L’auteur, dans un premier temps, reconnaît pourtant que, si le gaz carbonique reste en tête des responsables du surcroît de chaleur apporté depuis 1750 par les émissions anthropiques avec 56 % du total de la contribution (dont 40 % pour les énergies fossiles et 16 % pour la déforestation et la production de ciment de 16 %), le méthane et ses descendants comptent à eux seuls pour 32 % dans ce bilan. Mais, nous dit-il, tout cela n’a pas grand intérêt, puisque c’est l’avenir qui importe.
Certes, en effet, et comme je l’ai écrit sur la foi des propos le groupe 1 du Giec, l’émission d’une tonne de méthane en 2010 aura des conséquences 34 fois plus importantes dans cent ans et près de 70 fois plus importantes en 2050 que celle d’une tonne de gaz carbonique, mais, nous dit-il avec raison (s’appuyant sur l’exemple du tétrafluorure, plus de 5000 fois plus puissant mais dont les émissions sont très faibles), encore faut-il savoir combien de tonnes sont émises pour apprécier l’influence des émissions de méthane sur le climat.
Curieusement cependant, il ne nous donne pas cette indication qui figure dans les documents du Giec : en 2010 les émissions de méthane mondiales ont été de l’ordre de 373 millions de tonnes (en forte augmentation depuis 2000 où elles n’atteignaient que 267 Mt, plus de 3 % par an). Si l’on en croit le groupe 1 du Giec, celui des climatologues, c’est donc un effet équivalent à celui de 12,7 gigatonnes de CO2 en 2110 (34*373Mt) et de 26,1 milliards de tonnes de CO2 en 2050 auquel il faut s’attendre, à comparer aux effets du CO2 émis la même année par les énergies fossiles chiffrés à 31,8 gigatonnes. Les émissions de méthane de 2010 auraient donc en 2050 des conséquences presque égales à celle du CO2 énergétique en 2050 (82 %) et de 40 % de celles du CO2 en 2110. Quoi qu’en dise notre auteur, c’est donc tout sauf négligeable.
Comment expliquer cette contradiction ? En fait, pour établir sa critique, l’auteur ne se fonde pas sur les chiffres indiqués par les physiciens du groupe 1 du Giec mais sur ceux qu’utilise encore le groupe 3, celui des économistes. Ceux-ci indiquent en effet que le CO2 comptait en 2010 pour 76 % des émissions anthropiques de gaz à effet de serre, le méthane 16 %, l’oxyde nitreux 6 % et les gaz fluorés 2 %. Mais il se trouve que le groupe 3 du Giec, pour des raisons difficilement compréhensibles, a travaillé sur la base de métriques vieilles de vingt ans, celles retenues pour le protocole de Kyoto en 1997 : seul l’horizon de cent ans y est envisagé par le groupe en question, et le pouvoir de réchauffement global d’une émission ponctuelle de méthane à cet horizon y est de 21 (contre 34 pour le groupe 1). L’auteur justifie ce choix en expliquant que « ces évaluations s’appuient sur les potentiels de réchauffement à cent ans – les seuls qui comptent vraiment. En effet, dit-il, notre problème n’est pas tant un réchauffement d’un ou deux dixièmes de degrés en dix ou vingt ans, qu’un réchauffement de plusieurs degrés en cinquante ou cent ans. »

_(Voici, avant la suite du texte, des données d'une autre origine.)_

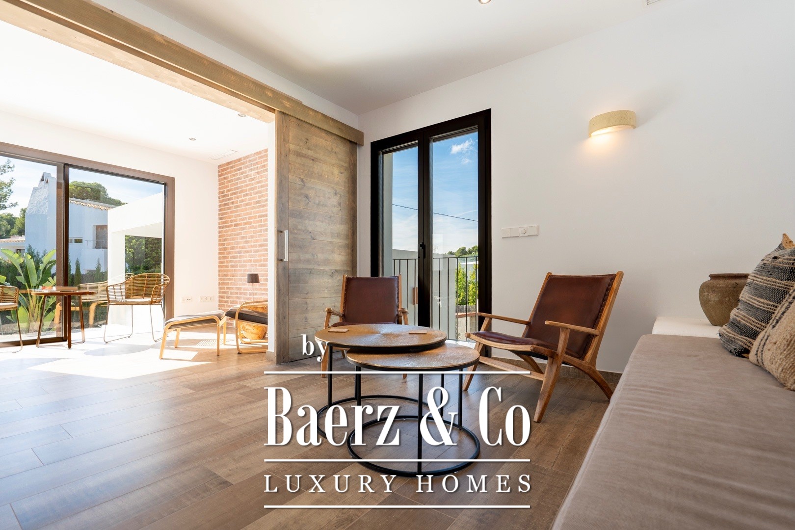 Do you dream of waking up to the sound of the waves of the Mediterranean Sea, feeling the gentle sea breeze, and being on an idyllic beach within a 3-minute walk? Then this villa is exactly what you are looking for. This modern, recently built property is located in a contemporary villa neighborhood, just behind the charming rocky beach of Cala Blanca. The villa is spread over two floors and enjoys a southern orientation. The heart of the home is the bright entrance hall, which also features the staircase and a convenient laundry room. From the hall, you enter the spacious living/dining room with a fully equipped open kitchen and an island. On the other side of the hall, you will find the master bedroom with an en-suite bathroom and a second bedroom with a separate bathroom. The upper floor offers a generous double bedroom with an en-suite bathroom and a private terrace. From this terrace, there is access to a large rooftop terrace where you can catch a glimpse

Cette dernière affirmation est en totale contradiction avec ce que nous disent aujourd’hui les climatologues : ils insistent en effet pour que les réductions des émissions de gaz à effet de serre à court et moyen termes (trente à quarante ans) soient suffisamment significatives pour que le réchauffement à l’horizon 2050 reste d’une ampleur compatible avec l’atteinte de la cible à plus long terme (cent ans). Ils craignent, en effet, si l’effort de court et moyen terme n’est pas suffisant, l’apparition d’irréversibilités qui rendraient définitivement impossible la maîtrise du réchauffement climatique. Contrairement à ce que dit l’auteur, le potentiel de réchauffement à cent ans n’est donc pas le seul qui compte ; les potentiels à vingt ou trente ans doivent aussi être pris en compte.
La critique de Cédric Philibert implique donc l’absence délibérée de prise en compte à la fois de ce qui se passe avant 2110 et des connaissances les plus récentes sur les gaz à effet de serre sur lesquelles les physiciens du groupe 1 du Giec se sont mis d’accord.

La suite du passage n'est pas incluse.